▶ [Goal of the exercise]:
An exact transcription is needed of the lines below from the one with "In der Fritzbox" through the one with "Mudanya yolunda seyreden", with no other lines and no pictures.

▶ [Material shown]:
=======
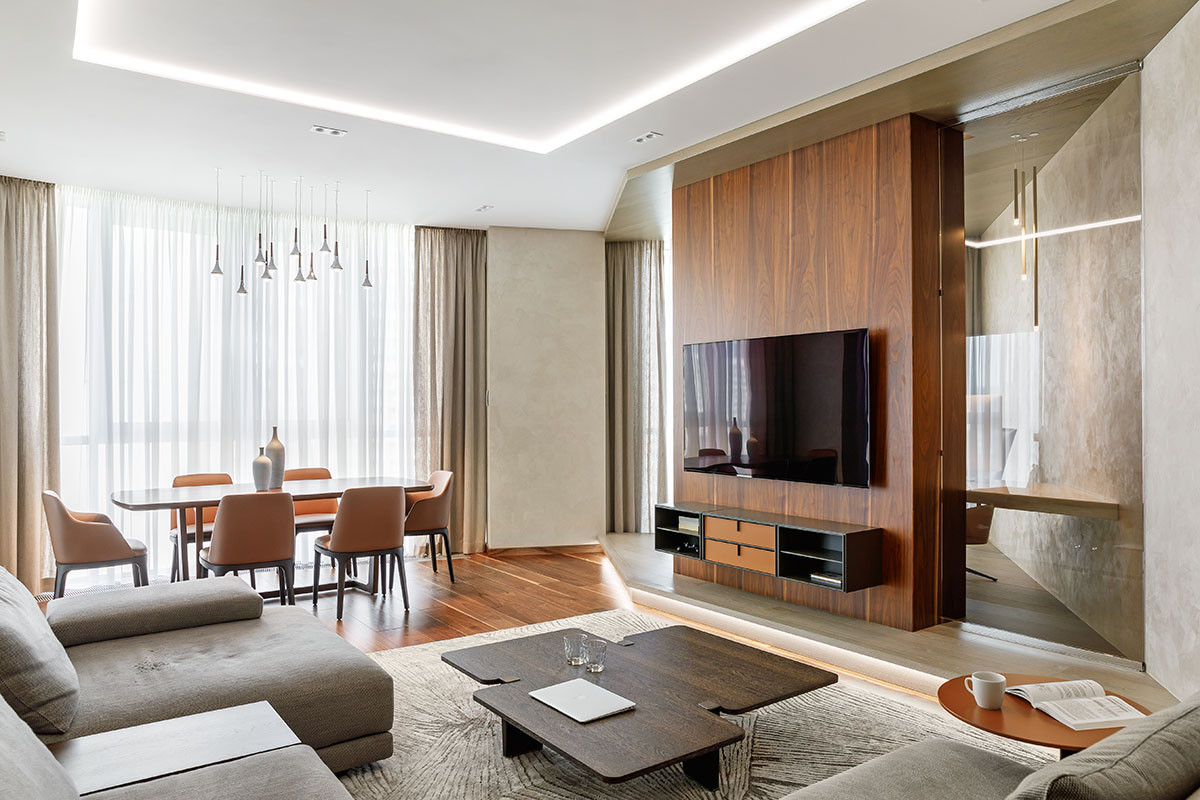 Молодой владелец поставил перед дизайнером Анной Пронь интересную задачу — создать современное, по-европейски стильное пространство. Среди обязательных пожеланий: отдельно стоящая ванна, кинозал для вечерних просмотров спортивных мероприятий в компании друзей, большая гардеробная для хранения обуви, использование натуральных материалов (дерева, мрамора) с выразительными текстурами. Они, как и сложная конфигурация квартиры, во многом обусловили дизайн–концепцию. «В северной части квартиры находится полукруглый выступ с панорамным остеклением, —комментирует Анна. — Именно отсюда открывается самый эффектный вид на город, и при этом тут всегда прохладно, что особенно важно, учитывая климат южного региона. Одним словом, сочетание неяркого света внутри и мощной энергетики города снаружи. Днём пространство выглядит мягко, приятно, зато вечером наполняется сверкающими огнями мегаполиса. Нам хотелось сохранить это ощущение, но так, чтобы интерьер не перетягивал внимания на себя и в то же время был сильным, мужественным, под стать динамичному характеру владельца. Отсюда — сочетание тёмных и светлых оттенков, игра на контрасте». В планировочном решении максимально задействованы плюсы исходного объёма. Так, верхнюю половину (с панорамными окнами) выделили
=======
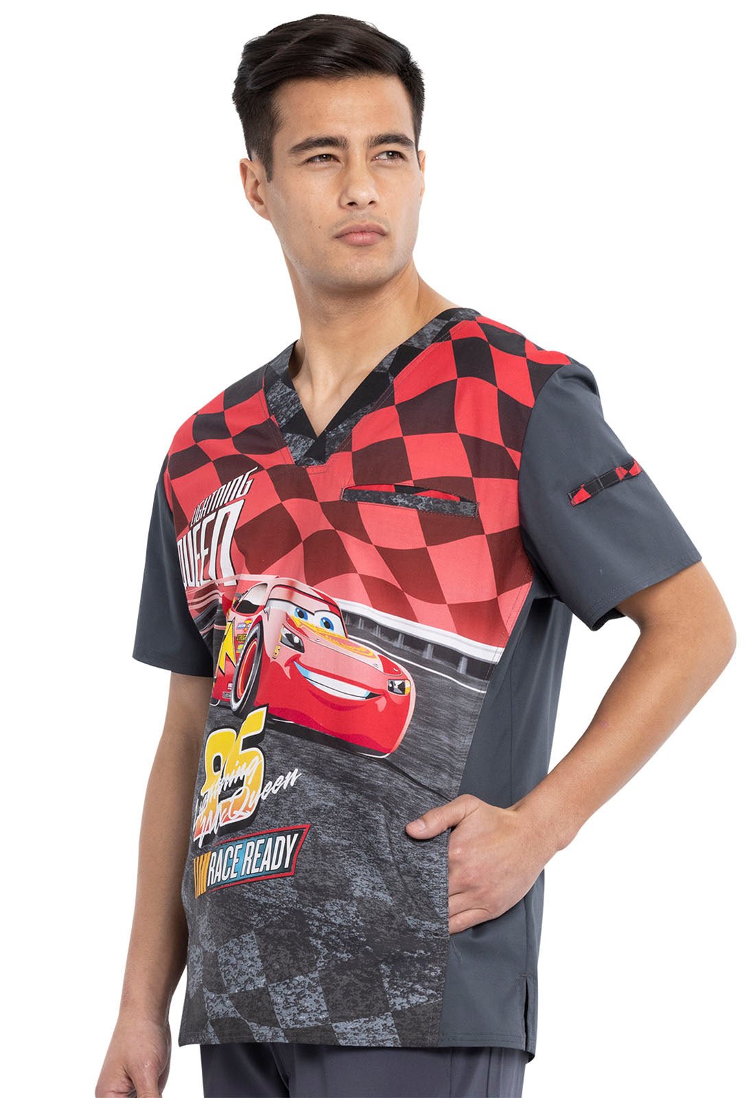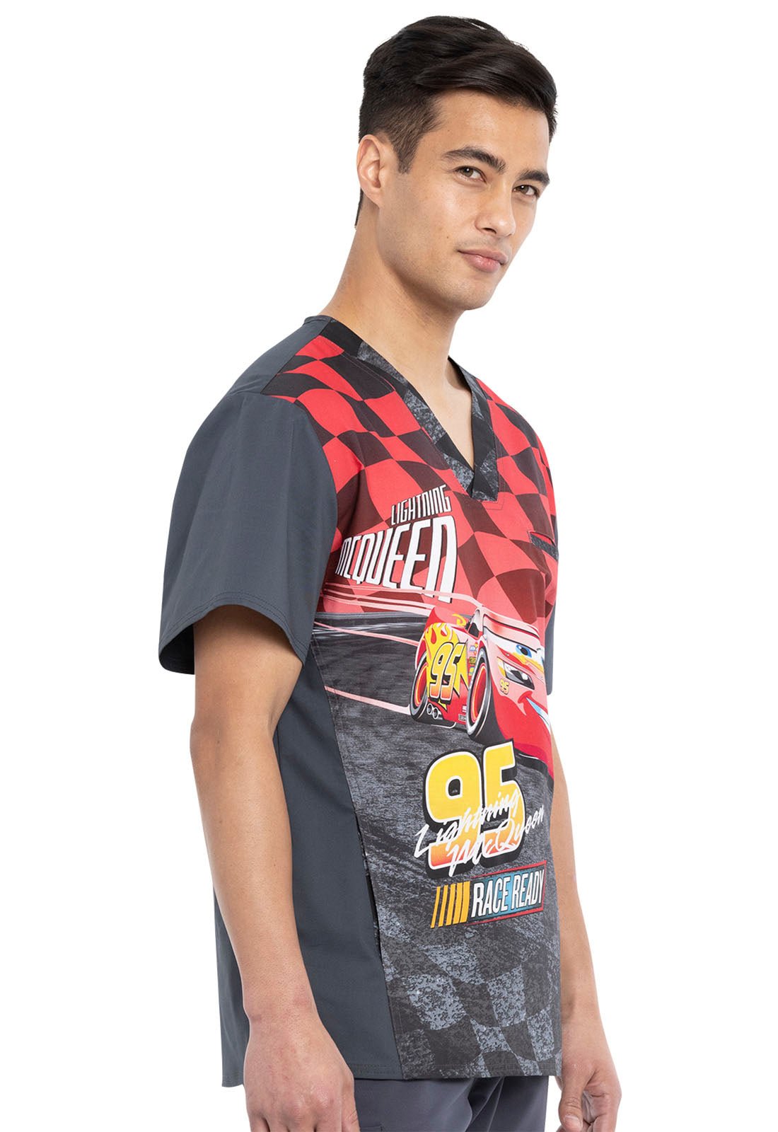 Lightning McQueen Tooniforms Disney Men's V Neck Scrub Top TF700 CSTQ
=======
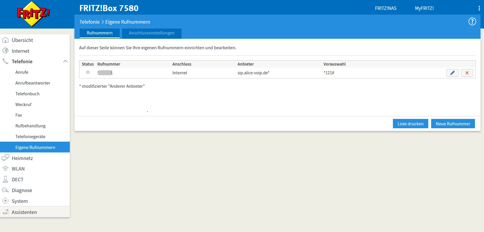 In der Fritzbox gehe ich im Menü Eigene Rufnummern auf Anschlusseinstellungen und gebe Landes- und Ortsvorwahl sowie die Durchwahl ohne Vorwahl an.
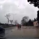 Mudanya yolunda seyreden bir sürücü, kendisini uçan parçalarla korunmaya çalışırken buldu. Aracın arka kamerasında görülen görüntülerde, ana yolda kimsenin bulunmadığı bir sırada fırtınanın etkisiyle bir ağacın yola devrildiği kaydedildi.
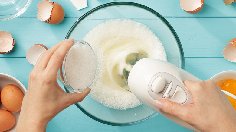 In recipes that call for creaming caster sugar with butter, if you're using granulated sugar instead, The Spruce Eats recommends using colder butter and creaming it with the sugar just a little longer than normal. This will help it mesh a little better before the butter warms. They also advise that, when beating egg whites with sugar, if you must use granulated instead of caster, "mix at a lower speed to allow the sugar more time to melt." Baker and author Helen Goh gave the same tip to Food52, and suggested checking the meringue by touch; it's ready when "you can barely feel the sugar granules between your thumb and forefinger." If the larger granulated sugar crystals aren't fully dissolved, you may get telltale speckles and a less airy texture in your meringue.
=======
▶ [Exercise solution]:
 In der Fritzbox gehe ich im Menü Eigene Rufnummern auf Anschlusseinstellungen und gebe Landes- und Ortsvorwahl sowie die Durchwahl ohne Vorwahl an.
 Mudanya yolunda seyreden bir sürücü, kendisini uçan parçalarla korunmaya çalışırken buldu. Aracın arka kamerasında görülen görüntülerde, ana yolda kimsenin bulunmadığı bir sırada fırtınanın etkisiyle bir ağacın yola devrildiği kaydedildi.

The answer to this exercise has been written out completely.